My collages are born of love stories with archive documents. The overwhelming emotional tension felt as we plunge into Freud’s notebooks, the botanical illustrations of Pierre-Joseph Redouté, or Sartre and de Beauvoir’s correspondence, all of it is so titillating.
Archives lead us back to memories of the everyday, they gel the passage of people and cultures in time. It is incredibly moving. So many marvels are sleeping on the shelves; it stirs the desire to do something with them.

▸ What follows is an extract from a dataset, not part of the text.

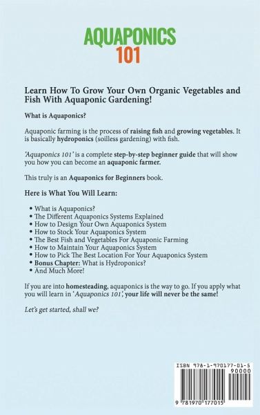 Learn the Basics of Aquaponics! Learn How To Grow Your Own Organic Vegetables and Fish With Aquaponic Gardening. Would you like to grow your own organic: - Fruits - Herbs - Vegetables - Fish With Aquaponics, you can! Get Your Copy of: 'Aquaponics 101' What is Aquaponics? Aquaponic farming is the process of raising fish and vegetables. It is basically hydroponics (soilless gardening) with fish. Growing your own food with aquaponics is a wise investment. One that will yield many benefits! - You won't have to rely on other people's produce - You will know that the food you consume is free of chemicals And it can also be a profitable investment: after buying your aquaponics system, you will recoup that investment by saving money (and time!) on groceries. You could even sell your fish and vegetables and gain a profit! Why You Should Check Out 'Aquaponics 101' 'Aquaponics 101' is a complete step-by-step beginner guide that will show you how you can become an aquaponic farmer. This no-fluff Aquaponics Gardening Guide will teach you how to build and operate an aquaponic system. What's most important: I will take you by the hand and teach you everything you need to know about aquaponic farming. BUY: 'Aquaponics 101' This truly is a book for beginners. Here is What You Will Learn: - What is Aquaponics? - The Different Aquaponics Systems Explained - How to Design Your Own Aquaponics System - How to Stock Your Aquaponics System - The Best Fish and Vegetables For Aquaponic Farming - How to Maintain Your Aquaponics System - How to Pick The Best Location For Your Aquaponics System - And Much More! Finally, as a FREE & EXCLUSIVE BONUS, you'll also get the chapter 'What is Hydroponics?' from my other book 'Hydroponics 101.' To recap: If you apply what you will learn in 'Aquaponics 101', gardening will never be the same! So, let's get started, shall we? Take action now! Scroll to the top of this page and click the 'Buy Now' button.

I mix my findings with handmade paper. I also use old cotton and linen clothes as well as plants in the process. The fibre is shredded, and then brought back to its original form before being made into paper. Reusing materials is an important part of my process. Paper, being replaced by the digital, has an ever-smaller place in our everyday life, but I love to think that it could go back to its first love. I would like it to be used as a noble material again, something reserved for important matters, like art!
Beauty is what I strive to illustrate, serendipity and nature with its infinite colours, and wacky ideas too, especially those weaving unexpected connections between us. I think that by pasting chunks of reality representing an ideal of the world, reminding people of its unity and of its wonders, maybe others will want to believe in this ideal world too. Maybe they will want to make the efforts to concretely tend towards this new vision and actually preserve it.
By mixing apparently estranged elements, be it by time, cultures, seasons, colours, etc., shocks are produced and more often than not, curious and fruitful esthetics appear. I feel a little victorious whenever something workable comes out of it. It proves that differences are no boundaries to cohabitation and that harmony can hatch in palettes where you don’t expect it.
Creation is an adventure, it is youth and freedom.